From Jupyter Notebook, open and run `googlesheets-example.ipynb` for a basic example on loading a spreadsheet and reading sheet data into `pandas.DataFrame`.

`googledrive-example.ipynb` contains basic examples of exploring Drive via Jupyter. Note that this class only handles files uploaded to Drive; it's not useful for handling Google Sheets, Google Docs, etc.

### Uploading to warehouse

From Jupyter Notebook open and run `snowflake-upload-example.ipynb` for a basic example on uploading Google Sheet data to the Snowflake warehouse.

### Column types

# Developer notes

## Google service account key

This lets us use the Google Sheets API to access sheet data. It only has to be done once and added to `credentials.py.template`.

- Use an existing Google Developer project, or create a new one: https://console.cloud.google.com
- Enable the Google Sheets API
  - Go to **API & Services** for the project, then **Libraries**.
  - Search for "Google Sheets" and select the result.
  - Click **Enable**.
- Create the OAuth client credentials
  - Go to **API & Services** for the project, then **Credentials**.
  - Under **Create credentials**, select **Service account key**
  - Choose an existing service account or create a new one to associate this key with.
  - Create the key and download the key as a JSON file.
- Copy OAuth client credentials to `credentials.py.template` in `google_client` under `service-account`.
- **Delete the private_key** and leave just the quotation marks when you check in `credentials.template.py`.
- You will need to distribute the private key securely so it can be added to `credentials.py`.

## PyPI

We use [PyPI](https://pypi.org/) to distribute the `spswarehouse` module and [Test PyPI](https://test.pypi.org/)  for testing.

The `spswarehouse` project is [here](https://pypi.org/project/spswarehouse/).

### Set up

Create PyPI and Test PyPI accounts to test and upload packages.

### Packaging

See https://packaging.python.org/tutorials/packaging-projects/ for an overview and walk-through of PyPI packaging.

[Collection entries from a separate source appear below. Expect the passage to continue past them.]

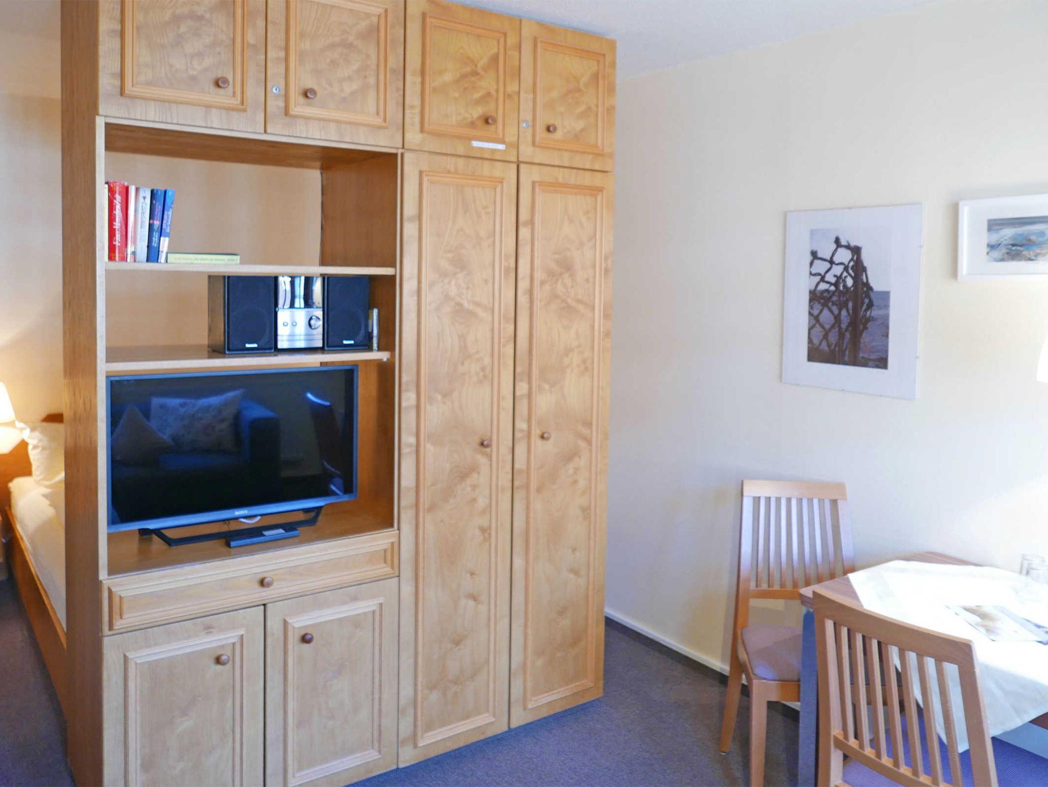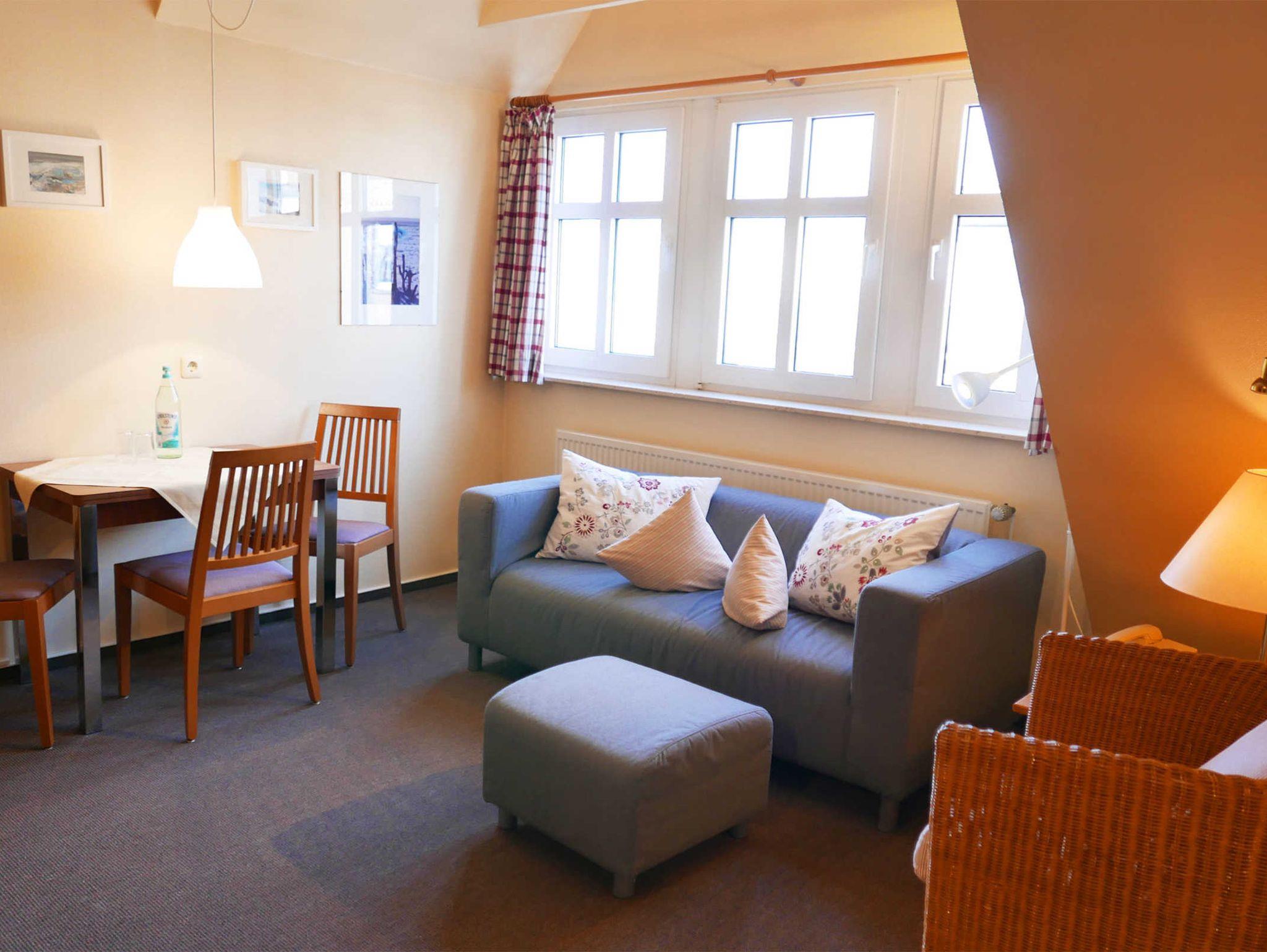 Die gemütliche 2-Zimmer-Wohnung für 2 Erwachsene und 1 Kind in der Inselresidenz Strandburg verfügt über ein Wohn-/Schlafzimmer mit optisch getrenntem Schlafbereich mit Doppelbett sowie einem Kinderzimmer mit Einzelbett.
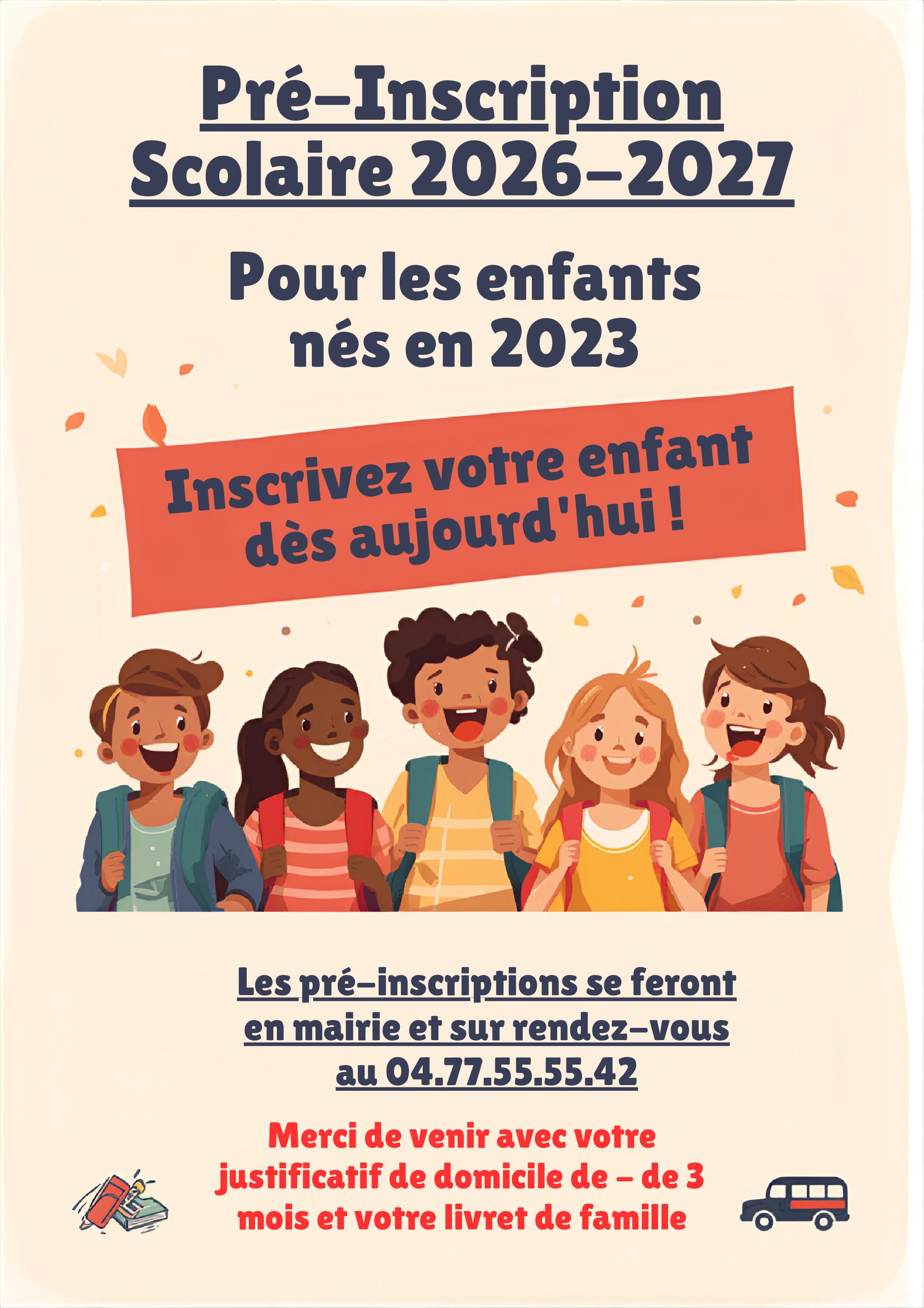 Pré-inscriptions Ecole Maternelle 2026-2027 (enfants nés en 2023)
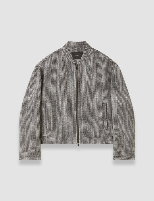 100% バージンウールで作られた、ヘリンボーンパターンのボンバージャケット。
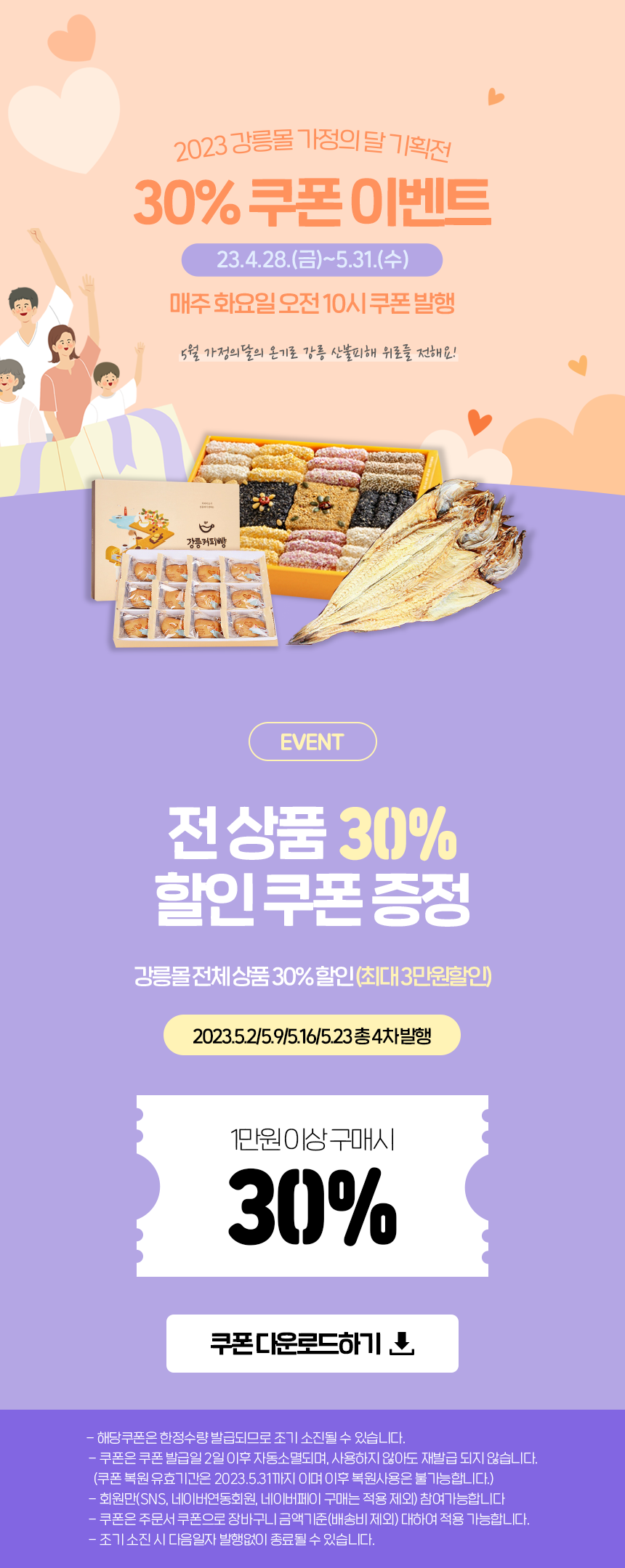 2023 강릉몰 가정의달 30% 할인쿠폰 이벤트 안내
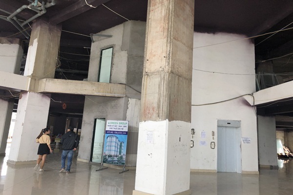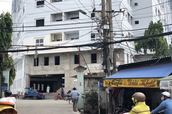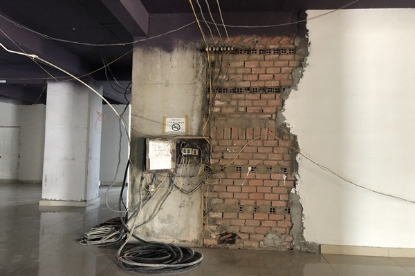 Ghi nhận tại công trình, phía ngoài mặt tiền cao ốc được phủ lớp sơn mới khá đẹp. Tuy nhiên, mặt tiền tầng dưới cùng của tòa nhà chưa hoàn thiện, tầng trệt có nhiều hạng mục đang thi công dang dở với nhiều dây điện, ổ điện, bê tông sắt thép để ngổn ngang không được che chắn.
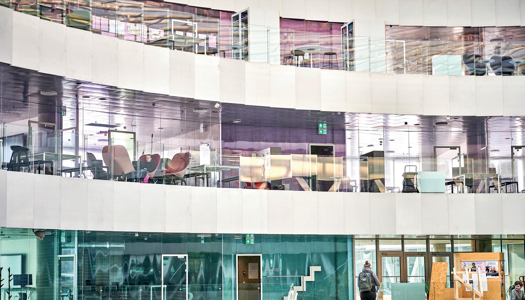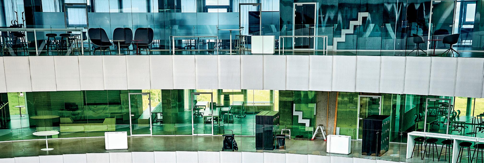 Henning Larsen Architects has designed a striking triangular building on the former warehouse area at Kolding Harbor, now home to the University of Southern Denmark. Lafuco supplied the glass walls – including an amoeba-shaped meeting room.
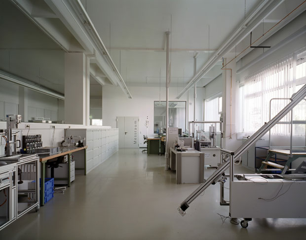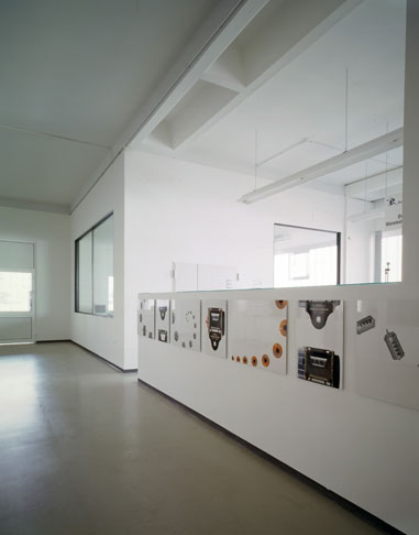 Trotz der hohen Sicherheitsanforderungen konnten wir dabei auf den Einbau von störenden Trennwänden weitestgehend verzichten. In einem abgetrennten Explosions-Sicherheitsraum werden Airbags und Sicherheitsgurt-Systeme geprüft. Großzügige Verglasungen ermöglichen die Ausnutzung des Tageslichts und Besuchern und Mitarbeitern freien Einblick in das Labor. In Zusammenarbeit mit Grafikern entstand ein farbiger Akzent: auf dünne Metallplatten gedruckte Bilder zeigen kleinste Teile aus der Produktion.
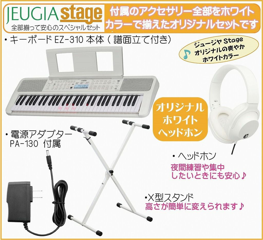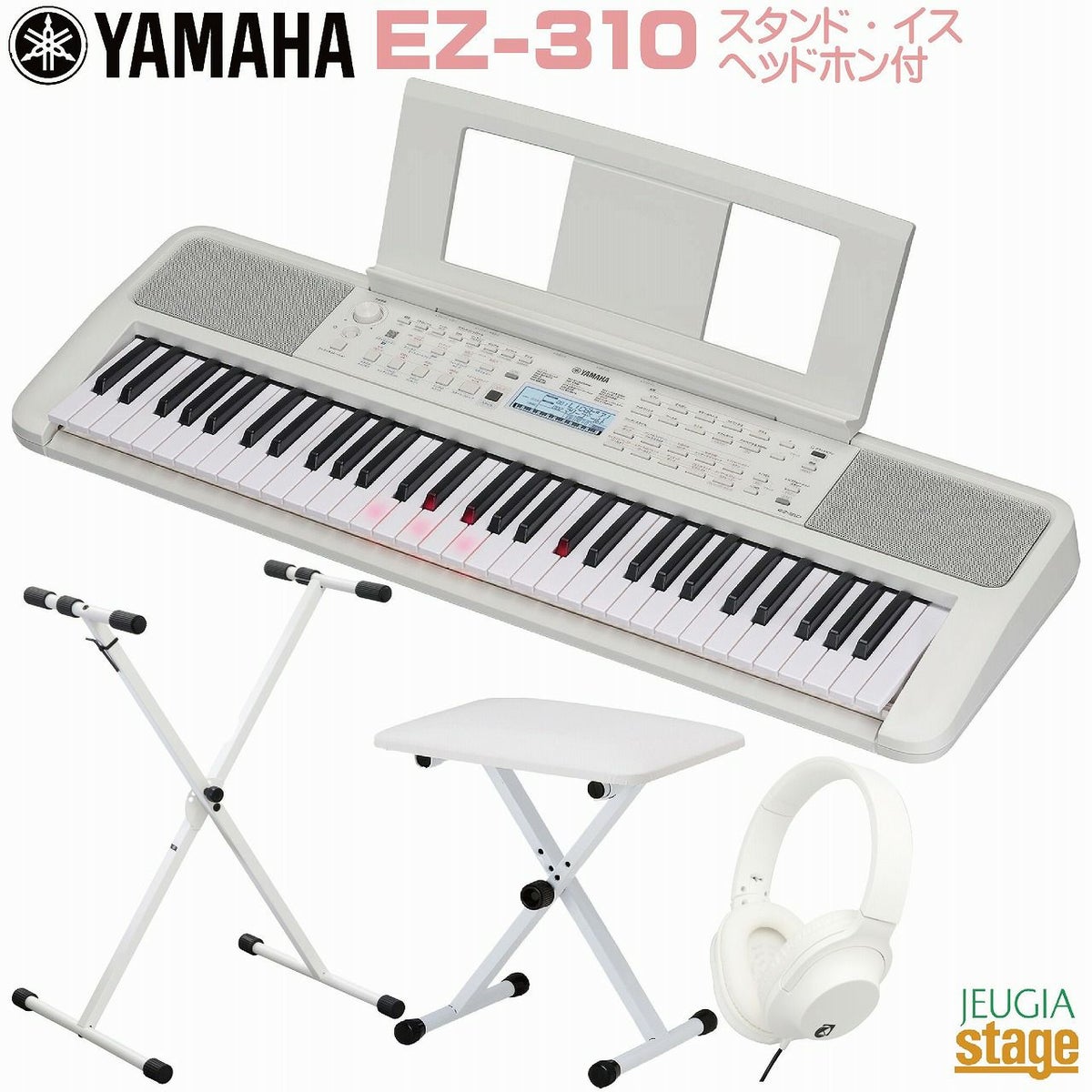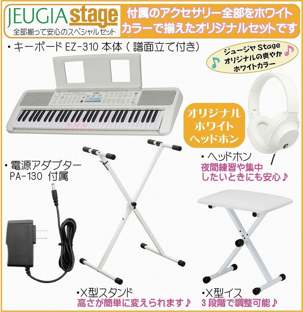 他の画像を見る ♪初めてでも楽しく弾ける、光る鍵盤モデル。アニメ曲やポップスなどの人気曲を搭載し、豊富なレッスン機能で上達をサポートします♪ YAMAHA EZ-310 【スタンド(白)・イス(白)・ヘッドホン(白) 付】Portable Keyboard ヤマハ ポータブルキーボード 61鍵盤 光る鍵盤 ホワイト 【Stage-Keyboard SET】※この商品はお取り寄せ対応品となります。在庫確認後ご連絡いたします。 販売価格 ¥ 39,600 税込 カートに入れる お気に入りに登録する
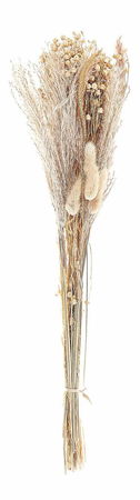 Skrášlite akúkoľvek miestnosť tým, že ju doplníte krásnou kyticou kvetov. Táto kytica zo sušenej okrasnej trávy je vďaka svojim dlhým stonkám ideálna na umiestnenie do vysokej vázy, ktorú možno položiť na nízku skrinku alebo priamo na podlahu. Vďaka prirodzenej kráse a textúre je vhodnou voľbou do akéhokoľvek interiéru.
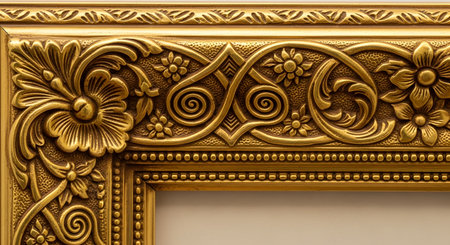 An extreme close-up of the corner of an ornate, antique picture frame with a gold leaf finish. The intricate, hand-carved details feature floral and scrollwork patterns, representing luxury, classic design, and craftsmanship.

Specifics for `spswarehouse`:

- Only build the `sdist` package. Otherwise, `credentials.py` and potentially passwords will get distributed in the binary distribution.
- If you need to include non-Python files, add them to `MANIFEST.in`.

### Testing

- Update version number in `setup.py`.
- Create the package:
`python setup.py sdist`
- Upload to Test PyPI:
`python -m twine upload --repository-url https://test.pypi.org/legacy/ dist/*`
- Install on local machine to test: `pip install spswarehouse==<insert version number> --no-build-isolation -i https://test.pypi.org/simple/`
- TODO: Figure out how to do this without needing the `--no-build-isolation` flag

### Pushing a new package

Make sure all of your changes are checked into the GitHub repository and your local repository is up-to-date before you do this.

The steps are the same as in the above section, omitting the `test.pypi` URLs.